[Stored items]
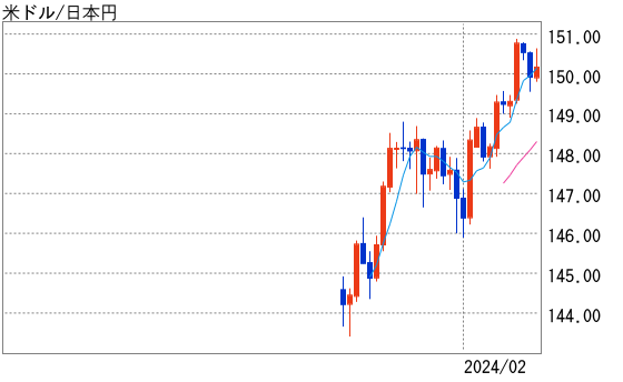 先週(2月12日-2月16日)のドル円相場は、ドル高円安が優勢となり、一時1ドル=150円89銭を付けた。その後は調整の動きも、149円台半ばではドル買いが出るなど、しっかりの展開。
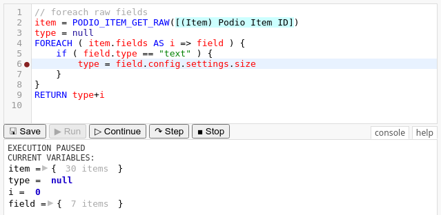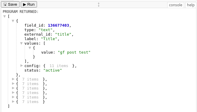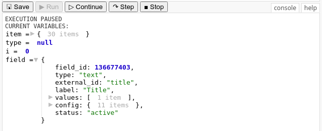 Just like with program return above, any variables that are objects or arrays can be interactively inspected by expanding / collapsing keys and nodes.
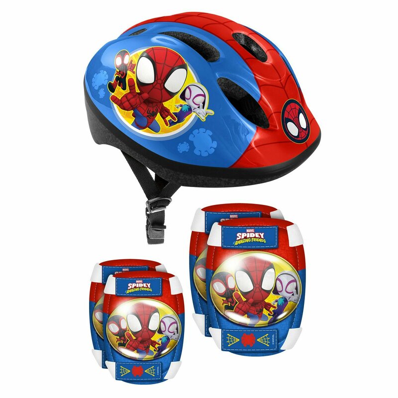 Set casca protectie, genunchiere si cotiere, Stamp, Spidey, Sigure si confortabile, Reglabile, Conform cu EN1078, Marime 50/56 cm, 3 ani+, Albastru/Rosu
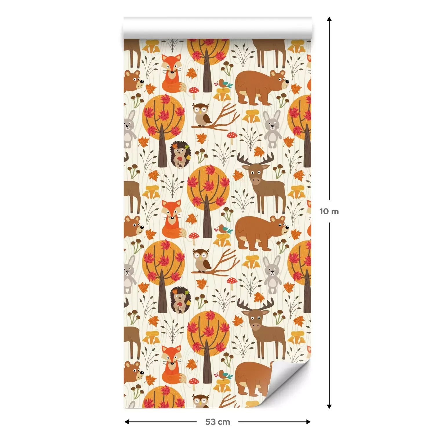 Eine Standard-Tapetenrolle hat die Maße 0,53 m x 10 m und deckt eine Wandfläche von etwa 5 m² ab.
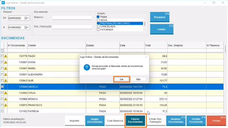 Outra relevante novidade está relacionada com a agilização da faturação ao cliente, uma vez que passou a ser possível faturar várias encomendas simultaneamente, através de um único clique. Para o efeito deverá marcar as encomendas pretendidas, clicar em Faturar Encomendas e depois em Sim para confirmar.
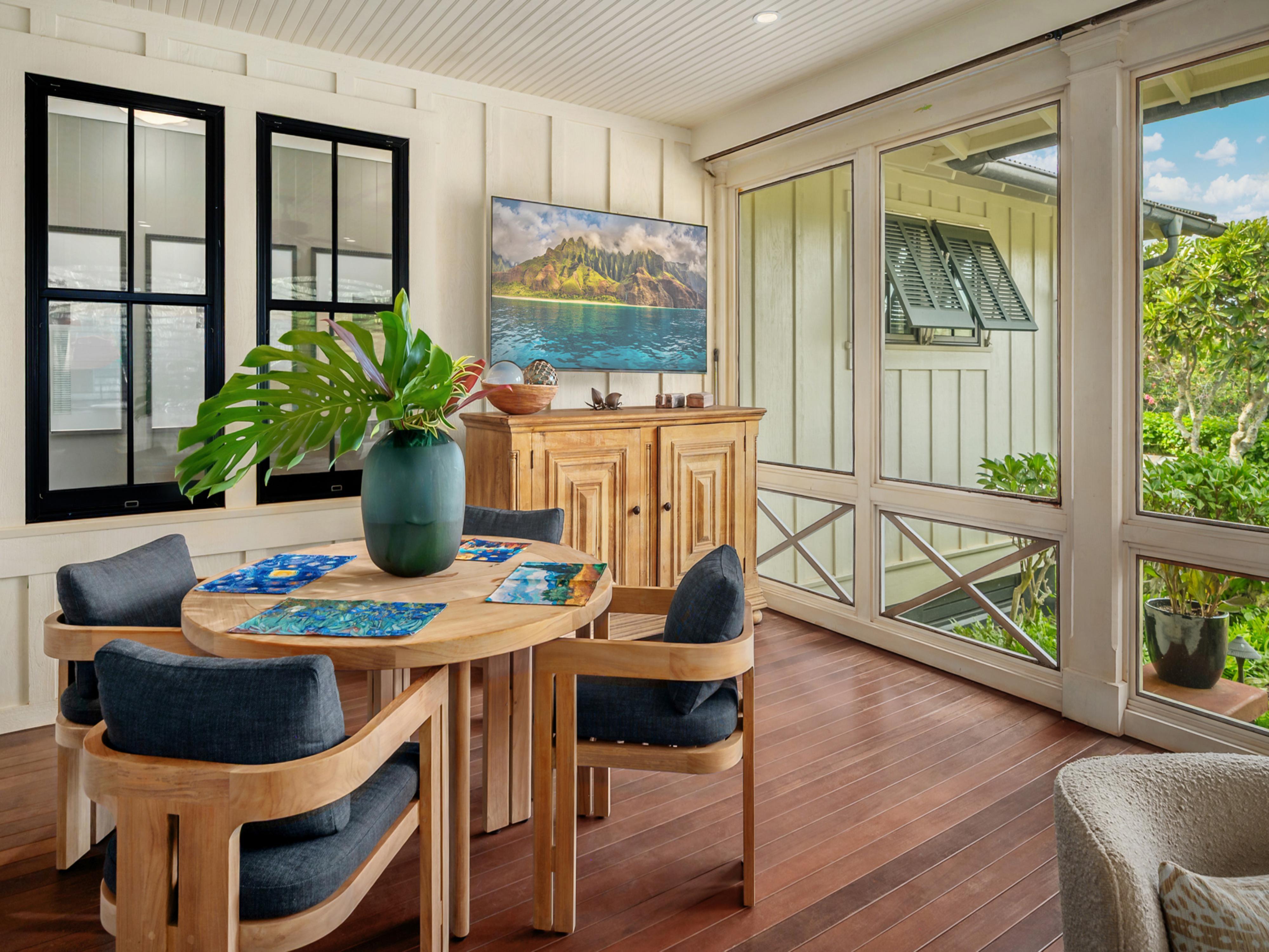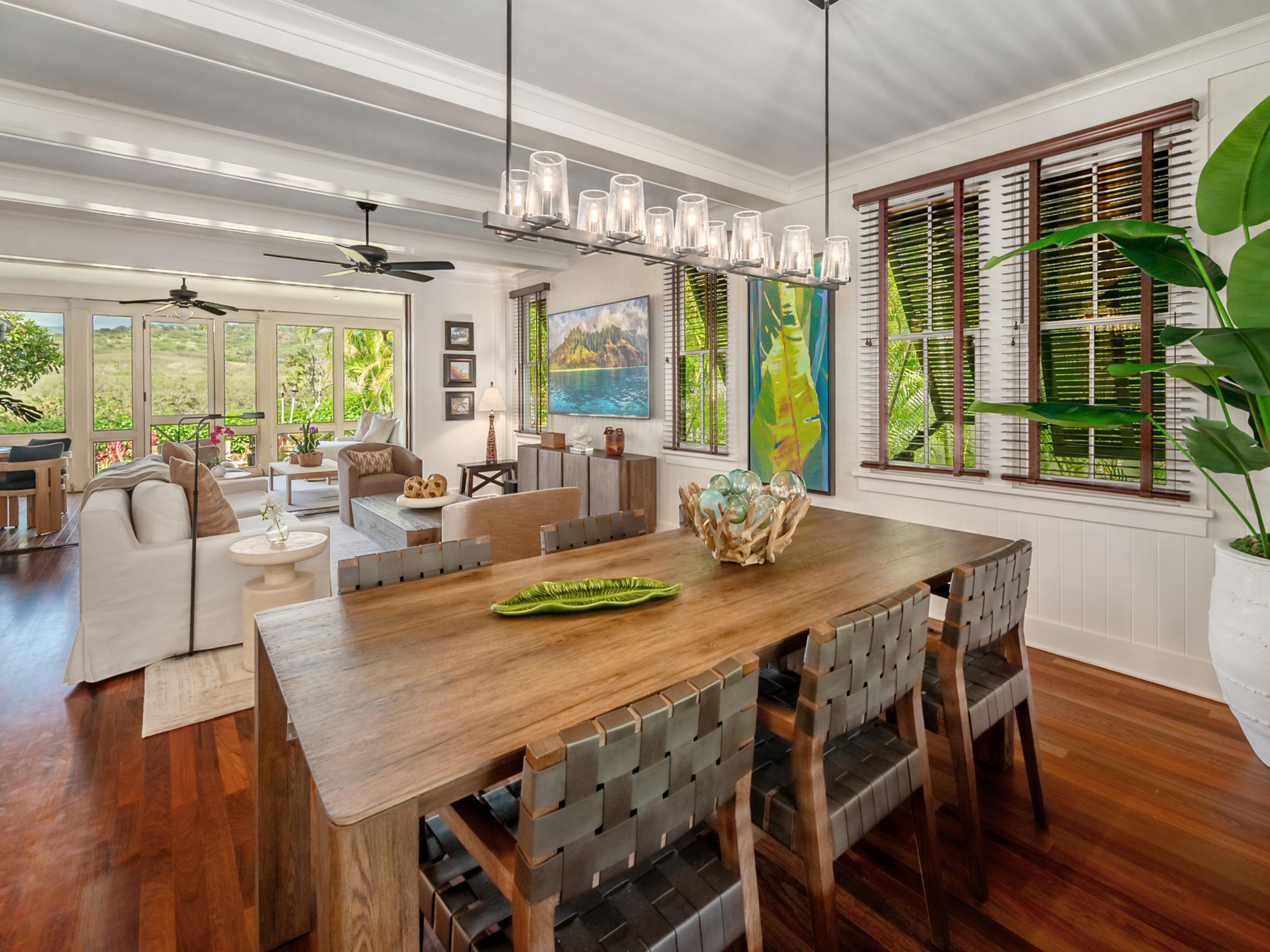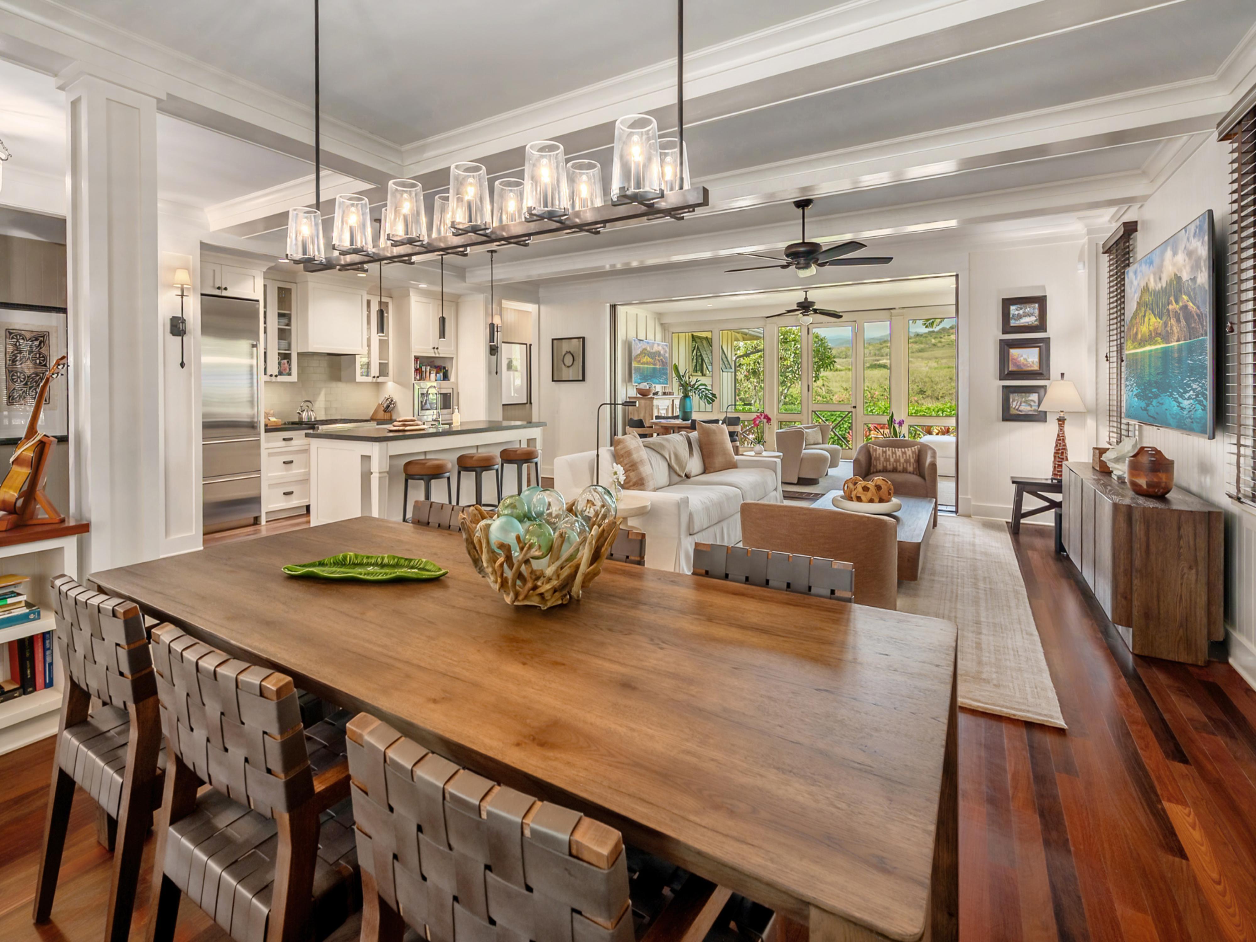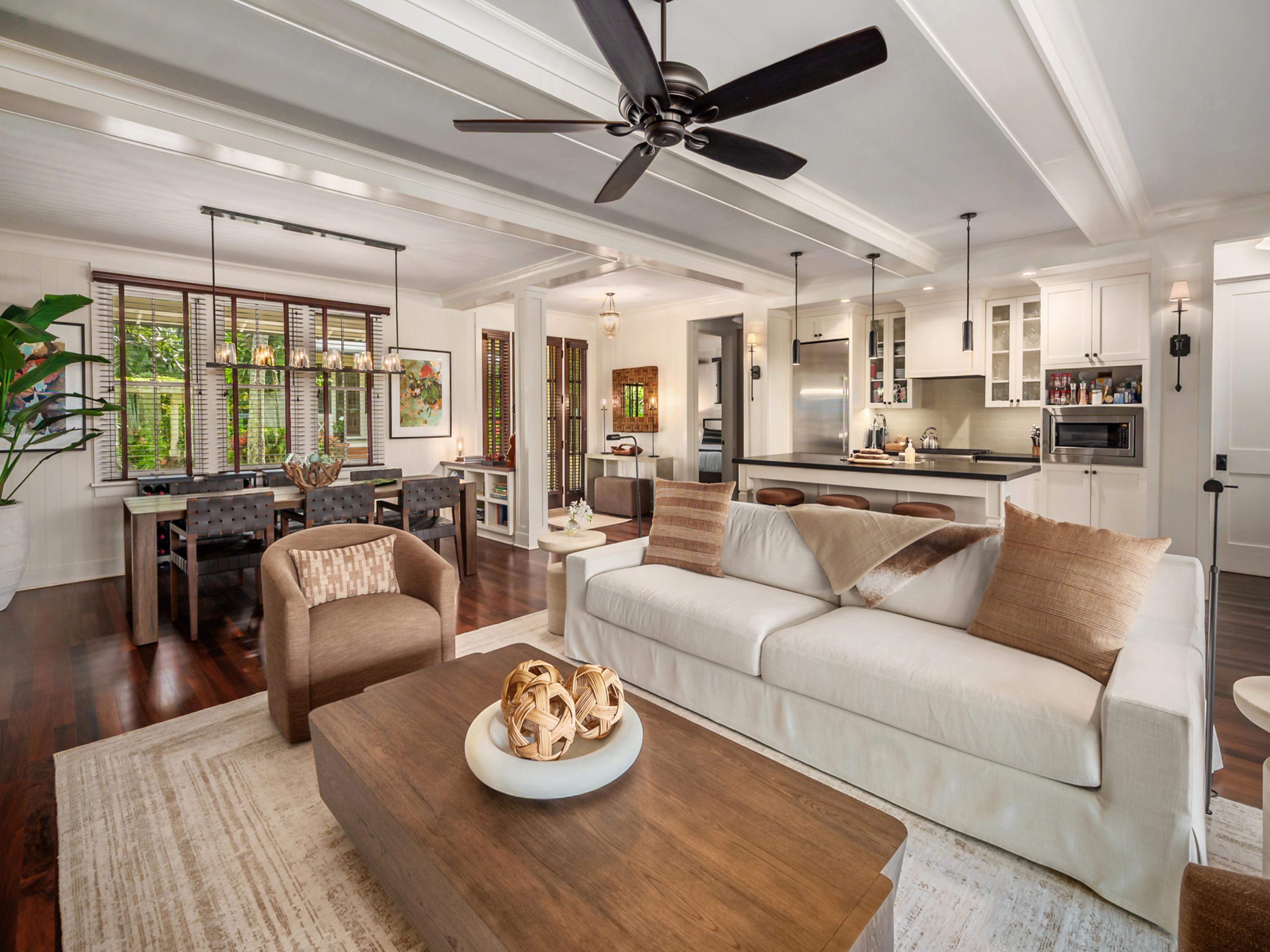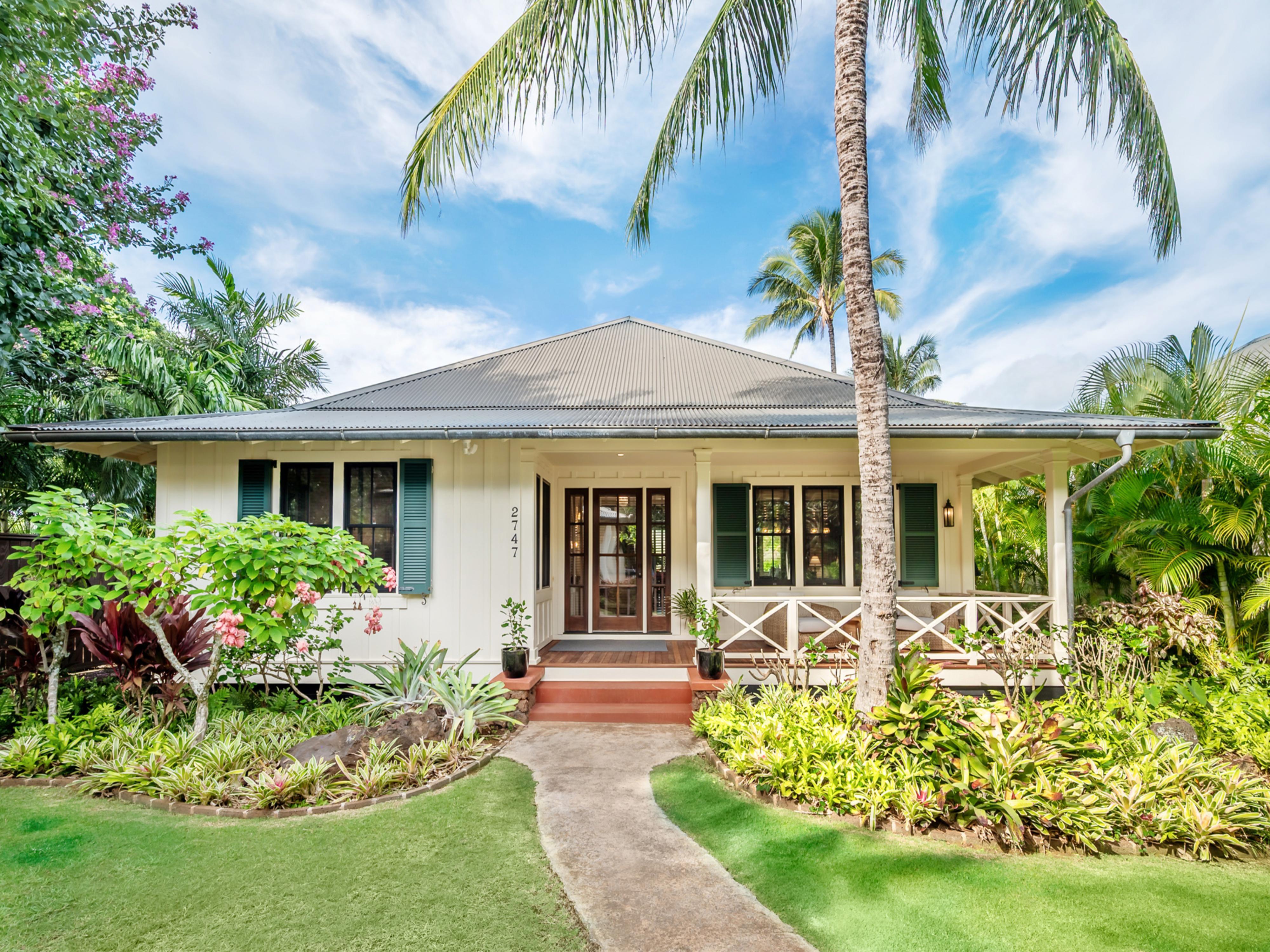 This stunning three-bedroom home on Kaua'i features a main house with two primary bedrooms and a standalone one-bedroom 'ohana. Situated next to the Spa at The Club at Kukui'ula, Cottage 1 has a prime location for guests looking to experience all that The Club has to offer. The open floor plan places the kitchen at the heart of the home with comfortable indoor and outdoor living spaces and dining areas. In the private backyard, a firepit with four chairs and a grilling area await.
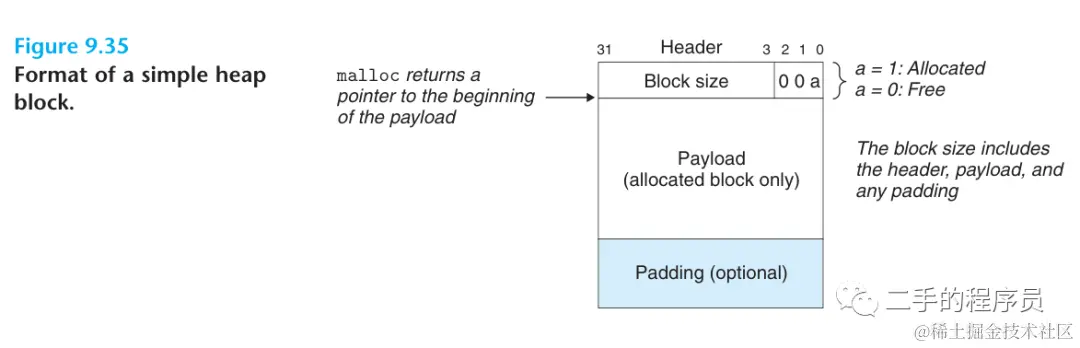 在之前的文章里面。我们做完了 csapp 的 malloc lab,实现了一个简易的 malloc 与 free 方法。回忆一下一个最简单的 heap block 的结构:
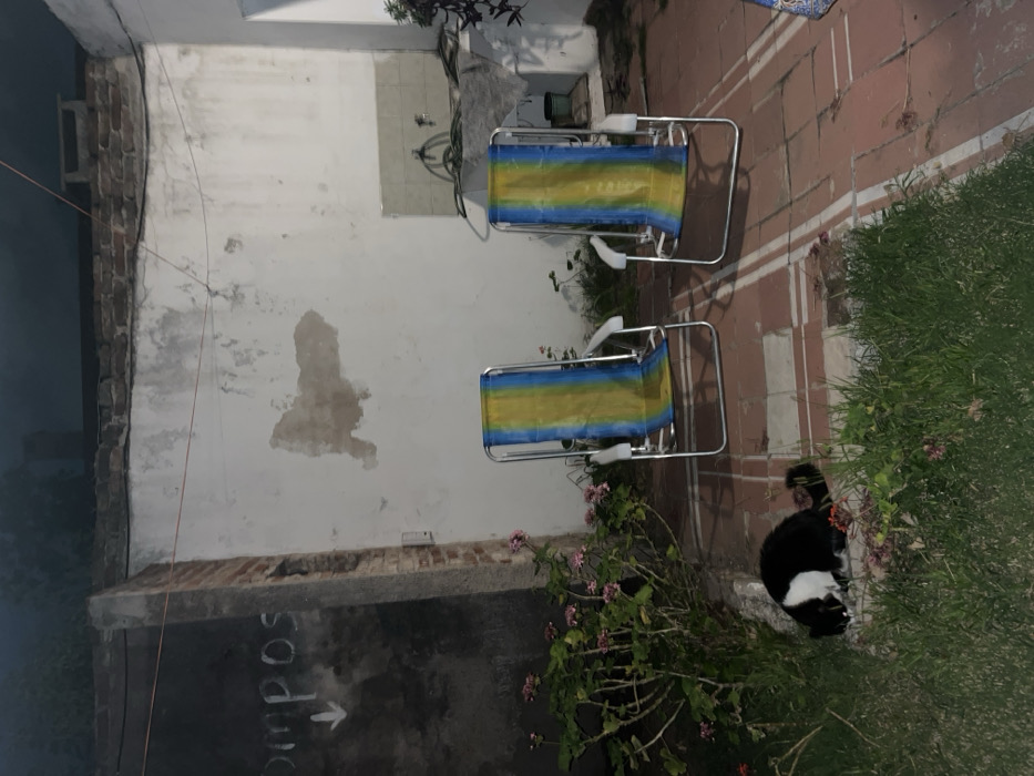 Two empty beach chairs rest on a patio. A black and white cat is partially hidden by tall grass and small flowering plants. Behind the chairs is a weathered white wall with exposed brick at the top and bottom. The wall has visible patching and repairs. A darker structure with white lettering and an arrow adjoins the wall on the bottom left.
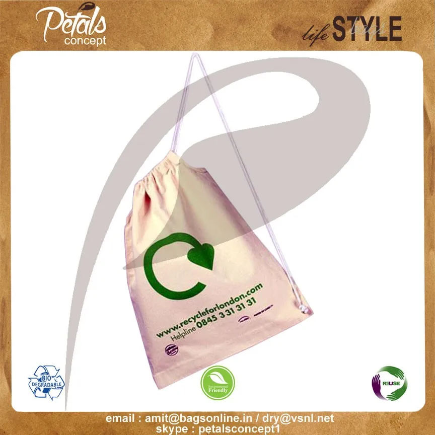 Cheap Low Cost Packaging Bag Made From Natural 10 oz Washed Canvas Drawstring Back Pack
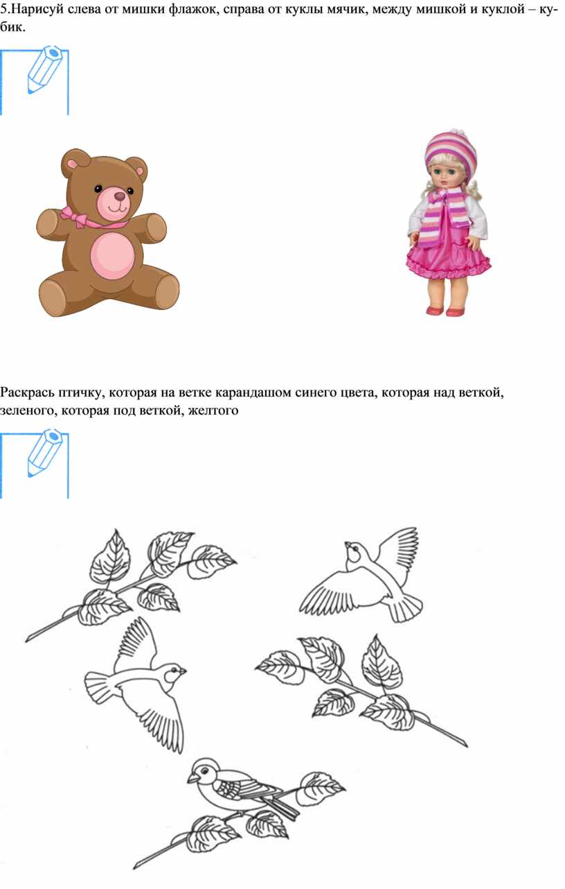 5.Нарисуй слева от мишки флажок, справа от куклы мячик, между мишкой и куклой – кубик.

■ **Your assignment**
Once the line with "Outra relevante novidade" has been found above, output that line and every later line exactly, stopping after the line with "在之前的文章里面。我们做完了 csapp 的", and omit the pictures.

■ **Result of this task**
 Outra relevante novidade está relacionada com a agilização da faturação ao cliente, uma vez que passou a ser possível faturar várias encomendas simultaneamente, através de um único clique. Para o efeito deverá marcar as encomendas pretendidas, clicar em Faturar Encomendas e depois em Sim para confirmar.
 This stunning three-bedroom home on Kaua'i features a main house with two primary bedrooms and a standalone one-bedroom 'ohana. Situated next to the Spa at The Club at Kukui'ula, Cottage 1 has a prime location for guests looking to experience all that The Club has to offer. The open floor plan places the kitchen at the heart of the home with comfortable indoor and outdoor living spaces and dining areas. In the private backyard, a firepit with four chairs and a grilling area await.
 在之前的文章里面。我们做完了 csapp 的 malloc lab,实现了一个简易的 malloc 与 free 方法。回忆一下一个最简单的 heap block 的结构:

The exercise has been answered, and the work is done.